The Candidate

Brien Kennedy

Deputy Clerk. Poulsbo resident. First-generation college graduate. I'm running because accountability shouldn't be optional.

Brien Kennedy - Candidate for Kitsap County Clerk

I grew up poor in Seattle. Not "tight budget" poor - the kind where you learn early that systems designed to help people often don't, and that navigating them alone is exhausting and expensive. That context never left me. It's the lens through which I see the Clerk's office every day I walk in the door.

I've been fortunate to celebrate a lot of firsts - first in my family to graduate from college, first shareholder, first homeowner. This campaign is one more: first time candidate. None of it was given to me, and none of it makes me forget where I started.

In my early thirties, a health crisis stopped everything. Not slowed it. Stopped it. I had built a career running growth for some of the fastest-growing companies in the country - brands that were later acquired for billions, consulting clients managing hundreds of millions in revenue, rooms where the decisions were real and the consequences were immediate. And I walked away from all of it because I had to. Nearly 100 pounds down and a rebuilt sense of what actually matters later, I started looking for work that served people directly.

The Kitsap County Superior Court Clerk's office drew me in because at its core it's an administrative executive role - and everything I'd spent a decade doing in the private sector prepared me for it in ways I didn't expect. I came for one reason. I stayed because I couldn't look away from what I found.

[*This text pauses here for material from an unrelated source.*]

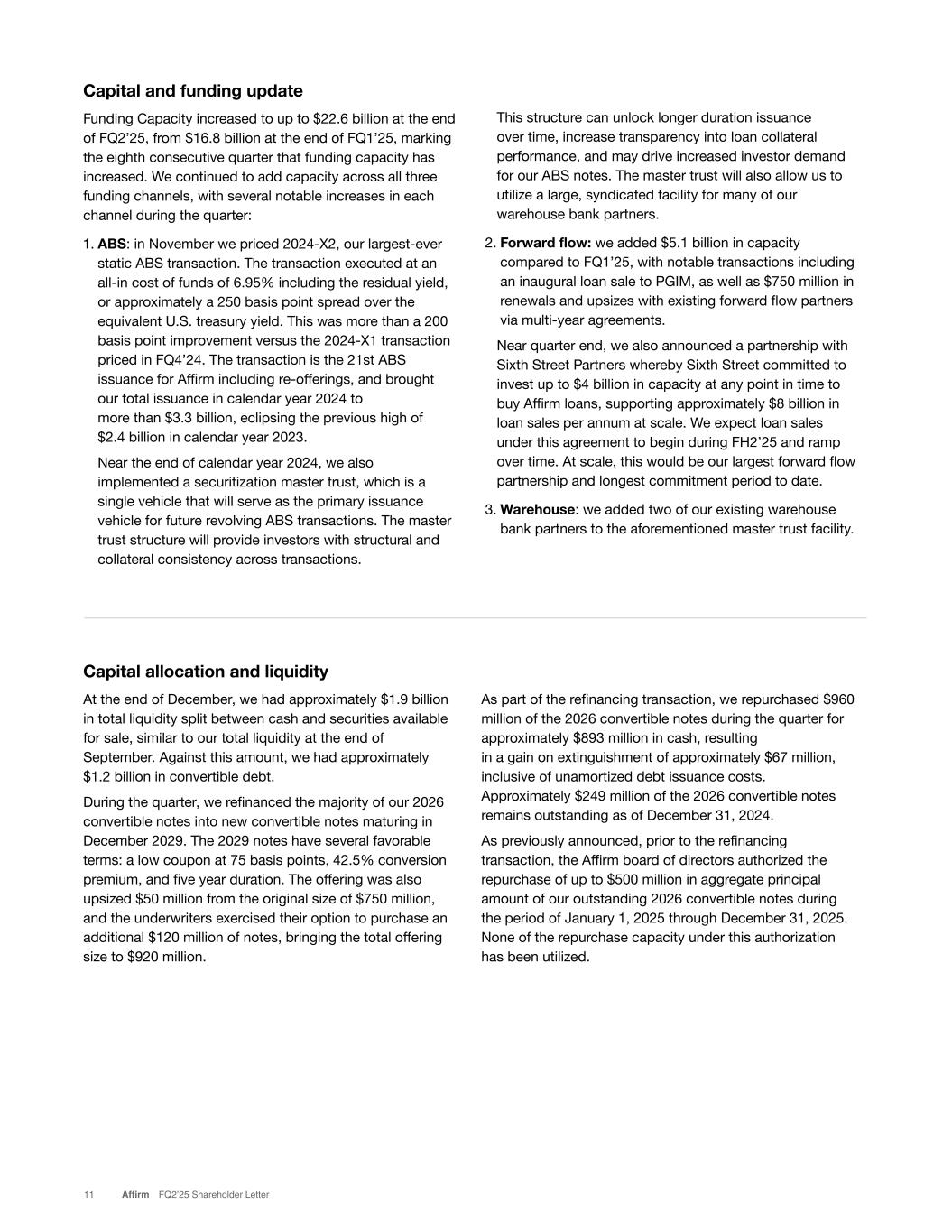 11 Affirm FQ2’25 Shareholder Letter Capital and funding update Funding Capacity increased to up to $22.6 billion at the end of FQ2’25, from $16.8 billion at the end of FQ1’25, marking the eighth consecutive quarter that funding capacity has increased. We continued to add capacity across all three funding channels, with several notable increases in each channel during the quarter: 1. ABS: in November we priced 2024-X2, our largest-ever static ABS transaction. The transaction executed at an all-in cost of funds of 6.95% including the residual yield, or approximately a 250 basis point spread over the equivalent U.S. treasury yield. This was more than a 200 basis point improvement versus the 2024-X1 transaction priced in FQ4’24. The transaction is the 21st ABS issuance for Affirm including re-offerings, and brought our total issuance in calendar year 2024 to more than $3.3 billion, eclipsing the previous high of $2.4 billion in calendar year 2023. Near the end of calendar year 2024, we also implemented a securitization master trust, which is a single vehicle that will serve as the primary issuance vehicle for future revolving ABS transactions. The master trust structure will provide investors with structural and collateral consistency across transactions. This structure can unlock longer duration issuance over time, increase transparency into loan collateral performance, and may drive increased investor demand for our ABS notes. The master trust will also allow us to utilize a large, syndicated facility for many of our warehouse bank partners. 2. Forward flow: we added $5.1 billion in capacity compared to FQ1’25, with notable transactions including an inaugural loan sale to PGIM, as well as $750 million in renewals and upsizes with existing forward flow partners via multi-year agreements. Near quarter end, we also announced a partnership with Sixth Street Partners whereby Sixth Street committed to invest up to $4 billion in capacity at any point in time to buy Affirm loans, supporting approximately $8 billion in loan sales per annum at scale. We expect loan sales under this agreement to begin during FH2’25 and ramp over time. At scale, this would be our largest forward flow partnership and longest commitment period to date. 3. Warehouse: we added two of our existing warehouse bank partners to the aforementioned master trust facility. Capital allocation and liquidity At the end of December, we had approximately $1.9 billion in total liquidity split between cash and securities available for sale, similar to our total liquidity at the end of September. Against this amount, we had approximately $1.2 billion in convertible debt. During the quarter, we refinanced the majority of our 2026 convertible notes into new convertible notes maturing in December 2029. The 2029 notes have several favorable terms: a low coupon at 75 basis points, 42.5% conversion premium, and five year duration. The offering was also upsized $50 million from the original size of $750 million, and the underwriters exercised their option to purchase an additional $120 million of notes, bringing the total offering size to $920 million. As part of the refinancing transaction, we repurchased $960 million of the 2026 convertible notes during the quarter for approximately $893 million in cash, resulting in a gain on extinguishment of approximately $67 million, inclusive of unamortized debt issuance costs. Approximately $249 million of the 2026 convertible notes remains outstanding as of December 31, 2024. As previously announced, prior to the refinancing transaction, the Affirm board of directors authorized the repurchase of up to $500 million in aggregate principal amount of our outstanding 2026 convertible notes during the period of January 1, 2025 through December 31, 2025. None of the repurchase capacity under this authorization has been utilized.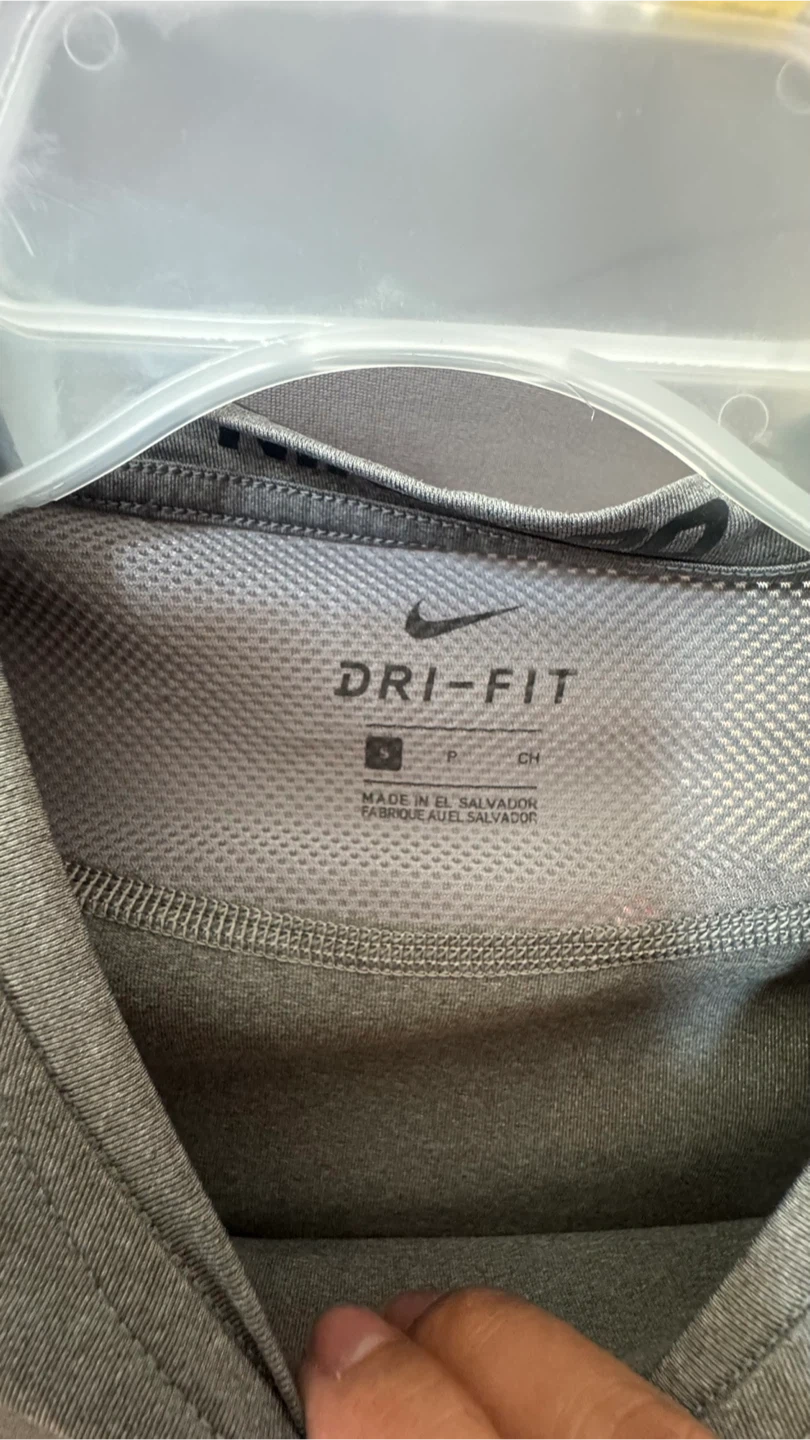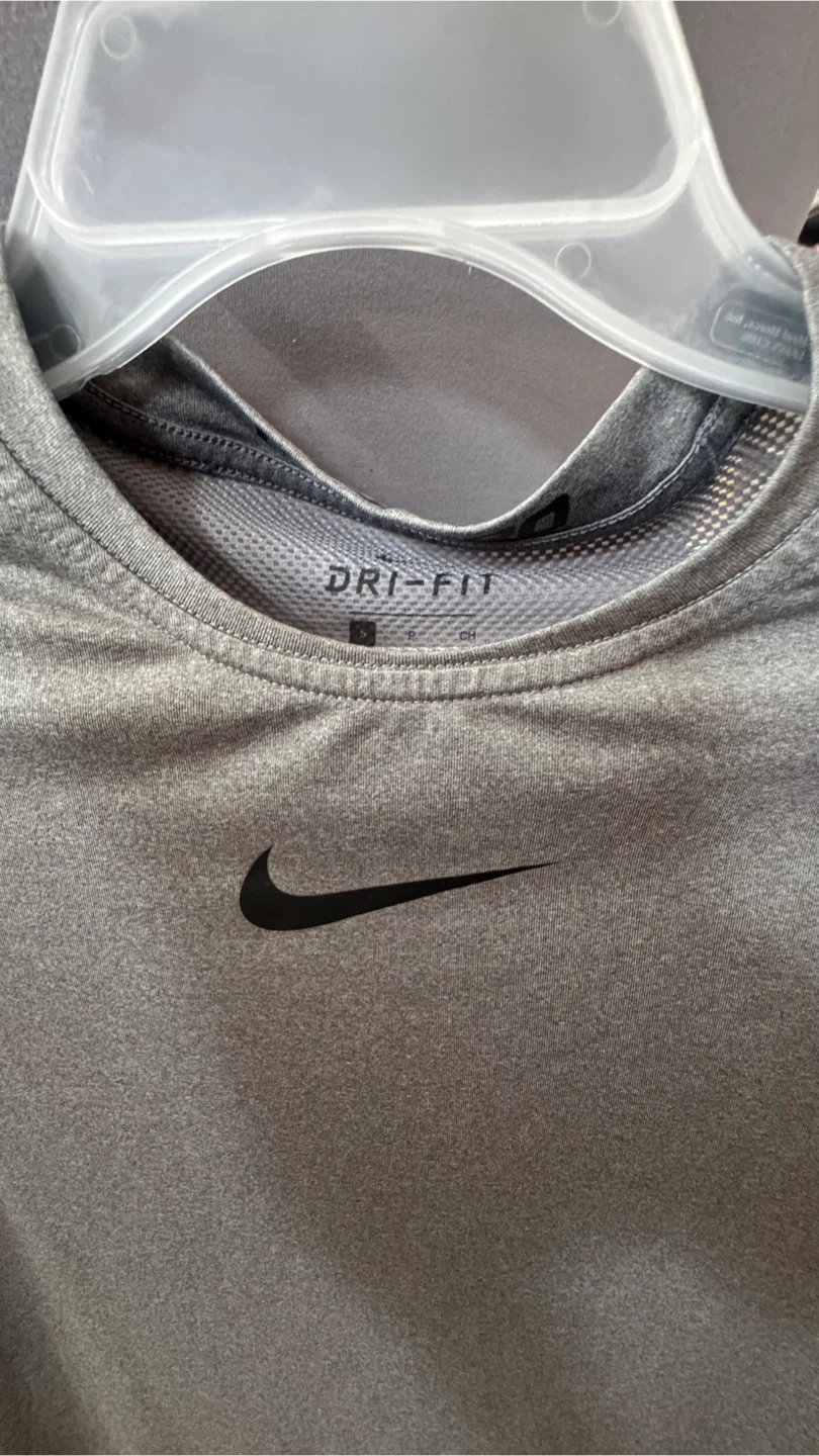 Selling a Nike Dri-FIT Pro fitted shirt in size small. It's a grey colour and in great condition. Perfect for workouts or everyday wear! Compression shirt

What I found was an office that processes thousands of cases a year and serves some of the most vulnerable people in our county - people navigating court for the first time, without lawyers, often without any idea where to start. The resources to help them exist. They're just not visible. Not organized. Not communicated in a way that actually reaches someone on the worst day of their life. That's not a technology problem or a budget problem. That's a leadership problem. And it's fixable.

The more I saw, the harder it was to stay quiet.

My background makes me unusual for this race. I've directed budgets larger than this county's entire general fund. I've built teams from scratch and fixed organizations that had stopped asking hard questions. I've run my own practice for seven years where losing a client meant losing everything - no safety net, no second chances. That kind of accountability doesn't turn off when you walk into a government building. It's exactly what this office has been missing.

I also understand, from the inside, how large institutions actually operate versus how they're supposed to. The gap is always bigger than people outside assume. Closing it requires someone who has done it before - not someone who has been inside the building so long they've stopped seeing the gap.

I've been in this office for just over a year. I know that's the first thing some people will raise. Here's what I'd say to that: I haven't been here long enough to stop noticing what's broken. I haven't been here long enough to mistake familiarity for function. The people who've spent decades in this building have a kind of knowledge I respect - and a kind of blindness that comes with it. I walked in with fresh eyes and a career's worth of experience building accountable organizations. That combination doesn't show up often in races like this one. I think it's exactly what this moment calls for.

At the same time, I started seeing the bigger picture. Our county is facing a structural budget deficit projected to hit $16.2M by 2031 if nothing changes. The Prosecuting Attorney is being challenged. Judges are retiring. A new courthouse is coming. Kitsap County is entering a period of real institutional change - and the leadership it needs going into that period looks nothing like the career politicians who've been holding these seats unopposed for years.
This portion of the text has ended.